For the role of the unscrupulous society psychoanalyst Dr. Lilith Ritter, a character Gersham created while undergoing psychotherapy, Zanuck considered casting Luise Rainer or Constance Bennett, before ultimately deciding on the much younger Helen Walker. Nightmare Alley was also a big departure for the 27-year-old actress, who had earned a solid reputation as a commediene since making her film debut in Frank Tuttle's Lucky Jordan (1942), but she found Lilith to be just the kind of "grown-up" role that she had longed for earlier in her career. Lilith uses psychoanalytic tricks of the trade to manipulate Carlisle, preying on his lack of confidence and issues about his mother abandoning him as a child.

In Time magazine (November 24, 1947), film critic James Agee wrote: Nightmare Alley is a harsh, brutal story [based on the novel by William Lindsay Gresham] told with the sharp clarity of an etching. Most vivid of these is Joan Blondell as the girl he works for the secrets of the mind-reading act. Coleen Gray is sympathetic and convincing as his steadfast partner in his act and Helen Walker comes through successfully as the calculating femme who topples Power from the heights of fortune back to degradation as the geek in the carney. The lady psychiatrist that Walker plays is as cold-blooded as Stanton, and has one advantage: No inner geek. No weakness. 

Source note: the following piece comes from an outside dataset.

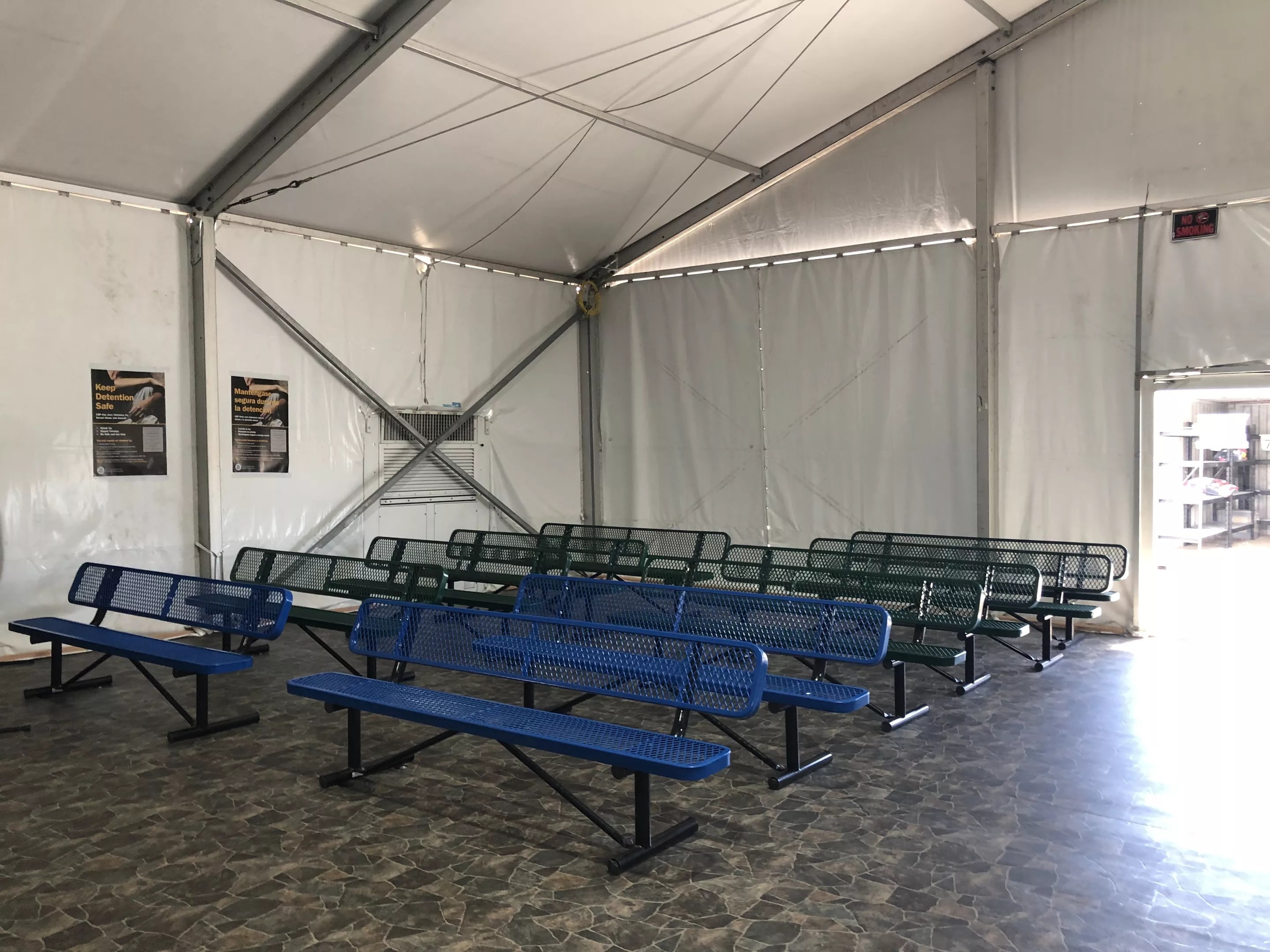 Empty benches line the entrance of the Yuma temporary holding facility.

In a potent scene late in the film, the rug gets pulled out from under Stan, to the point that he begins questioning his own sanity, unsure of what's been real and what's been a con, not knowing if he's losing his mind or being brilliantly played. Goulding, ingeniously, allows the audience to wonder as well. Walker plays this scene with a hint of menace, an undercurrent of knowing manipulation, wrapped up in sincerity and bursts of seemingly genuine confusion. As the psychiatrist winds around her patient in the dark, the shadows making a cruel mask of her face, the audience is left to wonder what's truth and what's lies — to think back on what had already happened and wonder if there had been an elaborate long con running, and if so where the deceit had begun, how far back the web of lies stretched. The uncertainty places the viewer into Stan's position, concocting paranoid conspiracy theories, lost in the dark, feeling betrayed. Despite its initial box office flop, Nightmare Alley is now regarded as "one of the gems of film noir," according to Stephanie Zacharek in Turner Classic Movies (December 2, 2015.) Source: www.loa.org

2 comments :

jazz lover said...

Probably Edmund Goulding's best film (though the completely forgotten "We Are Not Alone" from 1939 is pretty terrific). Also - that Gloria Grahame pic is absolutely BEWITCHING.

Weirdland said...

thanks for the recommendation, jazz lover, I'll add it to my list of classic films to watch! I see "We Are Not Alone" is the film adaptation of the novel by James Hamilton, a fantastic novelist (Lost Horizon, Goodbye Mr. Chips, Random Harvest) so it must be a great film! I'm glad you enjoy Gloria Grahame heading my blogsite, she's one of my favorite dames!